What the exercise asks
Look through the material below. Copy every line with the string "mester" in it.

Excerpted data
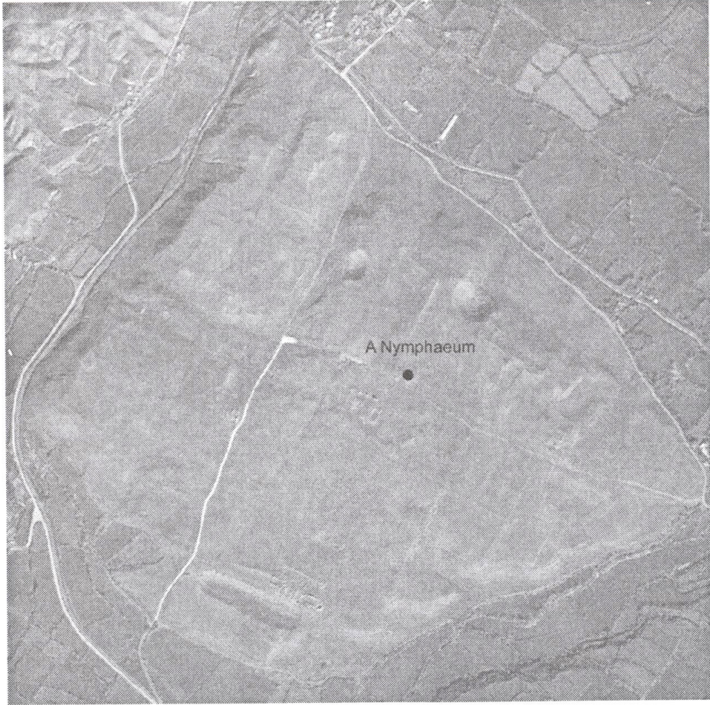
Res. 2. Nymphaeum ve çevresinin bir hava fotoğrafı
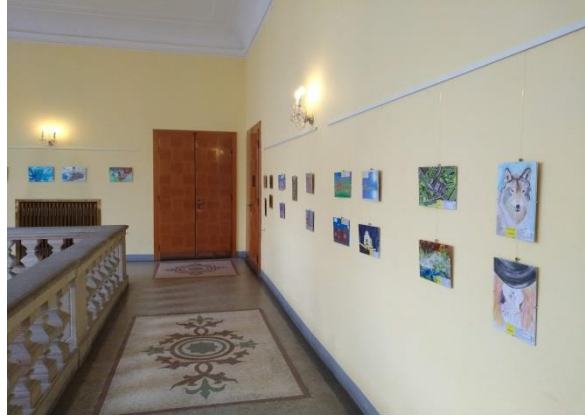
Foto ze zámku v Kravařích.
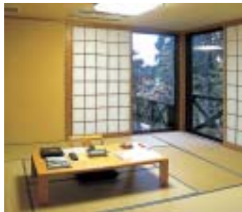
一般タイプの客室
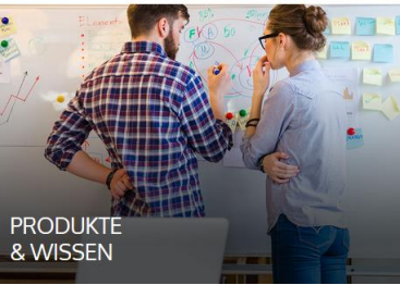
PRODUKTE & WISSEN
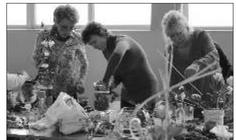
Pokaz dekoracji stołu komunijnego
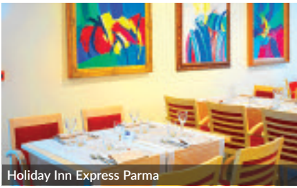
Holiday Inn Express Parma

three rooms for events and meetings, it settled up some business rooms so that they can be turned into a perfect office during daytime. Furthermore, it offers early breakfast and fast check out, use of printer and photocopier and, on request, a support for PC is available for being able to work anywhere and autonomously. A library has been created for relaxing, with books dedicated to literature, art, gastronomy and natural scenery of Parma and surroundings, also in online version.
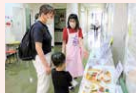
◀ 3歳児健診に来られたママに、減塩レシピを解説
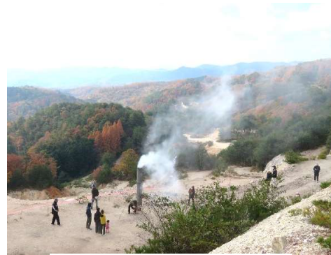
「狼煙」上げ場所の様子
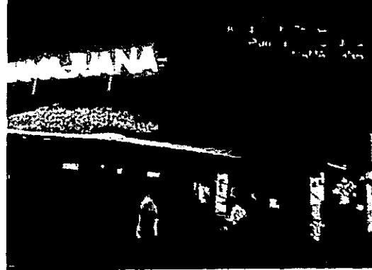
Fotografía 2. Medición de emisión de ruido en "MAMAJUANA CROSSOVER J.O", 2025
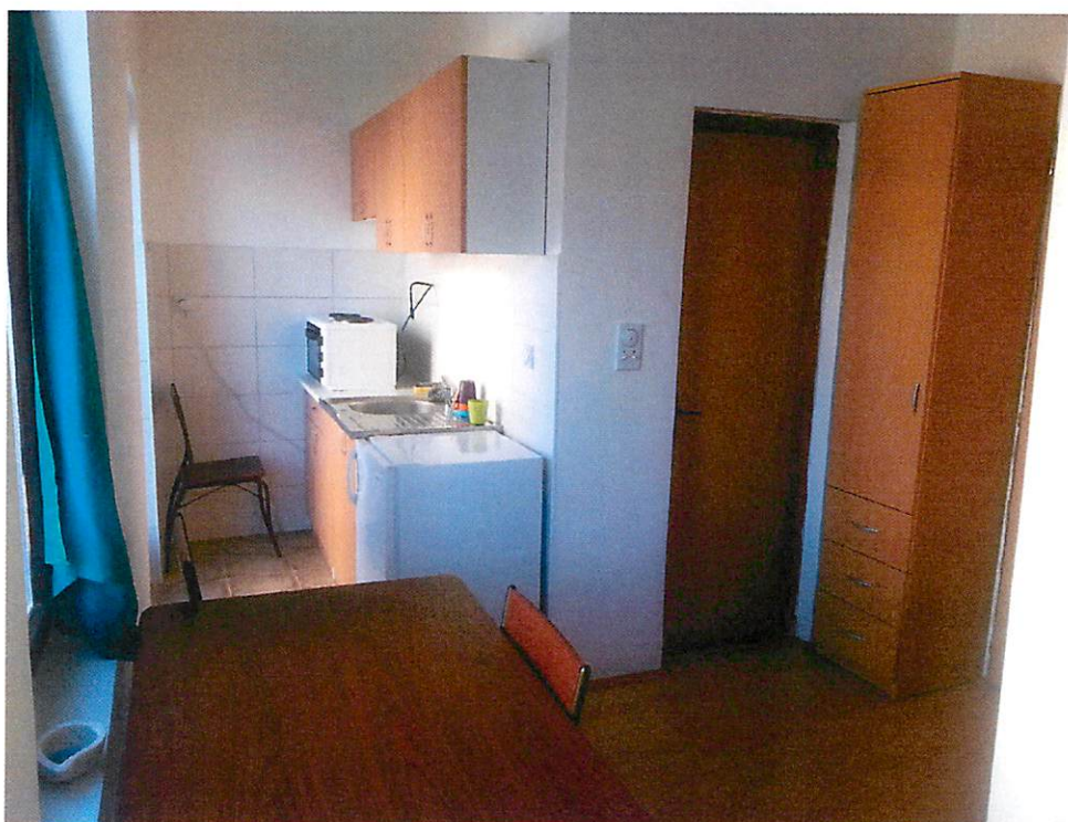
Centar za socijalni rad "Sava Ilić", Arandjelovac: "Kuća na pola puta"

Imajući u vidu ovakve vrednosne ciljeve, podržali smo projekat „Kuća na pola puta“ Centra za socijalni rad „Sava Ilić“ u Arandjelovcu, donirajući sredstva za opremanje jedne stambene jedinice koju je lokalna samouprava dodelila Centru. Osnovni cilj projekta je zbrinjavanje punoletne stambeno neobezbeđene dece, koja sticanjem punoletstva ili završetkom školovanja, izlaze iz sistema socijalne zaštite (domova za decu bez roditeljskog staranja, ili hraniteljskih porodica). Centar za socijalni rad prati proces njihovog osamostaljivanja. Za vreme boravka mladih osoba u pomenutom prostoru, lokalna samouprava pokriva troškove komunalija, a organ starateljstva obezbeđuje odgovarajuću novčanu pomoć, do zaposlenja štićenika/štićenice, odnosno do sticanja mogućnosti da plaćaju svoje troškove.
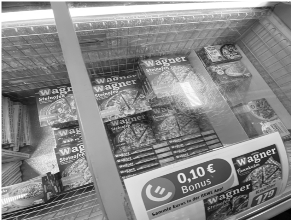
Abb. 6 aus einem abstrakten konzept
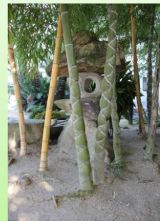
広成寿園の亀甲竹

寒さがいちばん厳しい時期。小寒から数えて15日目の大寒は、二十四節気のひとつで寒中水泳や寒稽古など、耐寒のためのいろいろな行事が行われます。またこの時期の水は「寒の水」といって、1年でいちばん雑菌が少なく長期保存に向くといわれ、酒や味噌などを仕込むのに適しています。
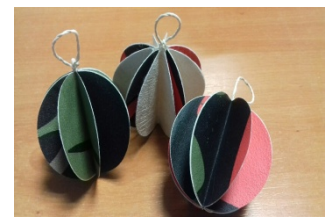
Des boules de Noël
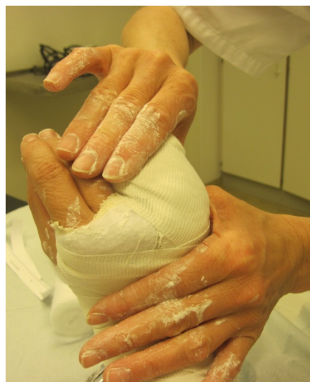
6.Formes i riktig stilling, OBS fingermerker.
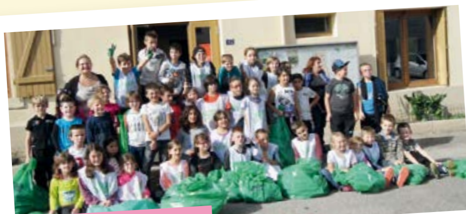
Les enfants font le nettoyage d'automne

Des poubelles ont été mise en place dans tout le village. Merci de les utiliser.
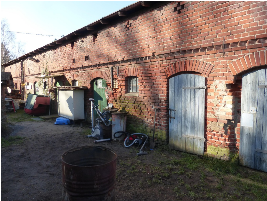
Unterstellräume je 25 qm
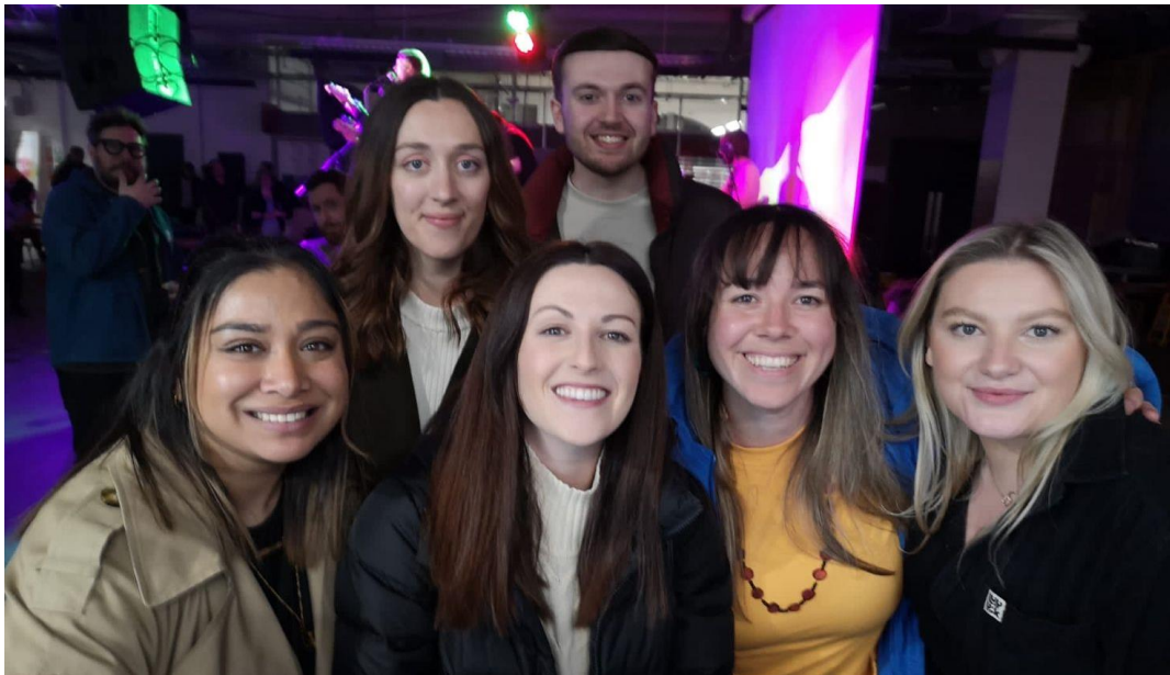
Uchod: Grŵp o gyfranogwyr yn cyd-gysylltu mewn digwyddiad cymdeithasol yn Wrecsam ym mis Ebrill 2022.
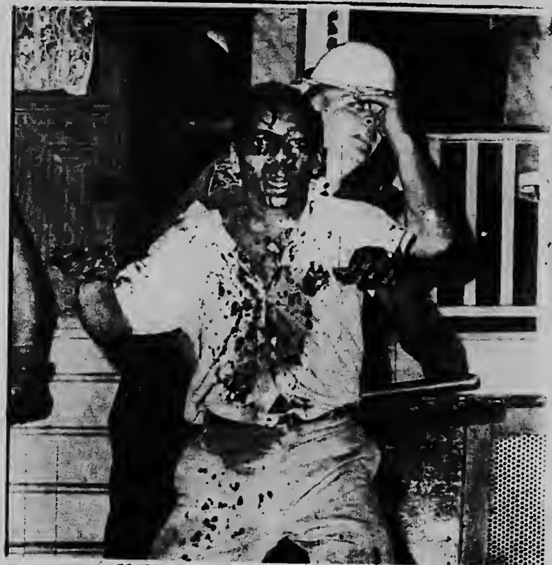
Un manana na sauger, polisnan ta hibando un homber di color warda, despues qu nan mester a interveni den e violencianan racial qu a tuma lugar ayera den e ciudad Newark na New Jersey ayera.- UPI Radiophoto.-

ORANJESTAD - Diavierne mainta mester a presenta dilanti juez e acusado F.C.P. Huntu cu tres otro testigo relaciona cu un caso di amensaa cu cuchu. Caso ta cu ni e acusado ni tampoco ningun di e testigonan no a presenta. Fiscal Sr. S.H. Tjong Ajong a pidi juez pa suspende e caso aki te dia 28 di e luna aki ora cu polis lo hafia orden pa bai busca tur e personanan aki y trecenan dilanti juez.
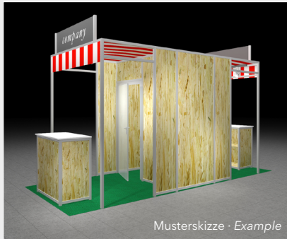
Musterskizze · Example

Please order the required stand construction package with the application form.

Answer space
Un manana na sauger, polisnan ta hibando un homber di color warda, despues qu nan mester a interveni den e violencianan racial qu a tuma lugar ayera den e ciudad Newark na New Jersey ayera.- UPI Radiophoto.-
ORANJESTAD - Diavierne mainta mester a presenta dilanti juez e acusado F.C.P. Huntu cu tres otro testigo relaciona cu un caso di amensaa cu cuchu. Caso ta cu ni e acusado ni tampoco ningun di e testigonan no a presenta. Fiscal Sr. S.H. Tjong Ajong a pidi juez pa suspende e caso aki te dia 28 di e luna aki ora cu polis lo hafia orden pa bai busca tur e personanan aki y trecenan dilanti juez.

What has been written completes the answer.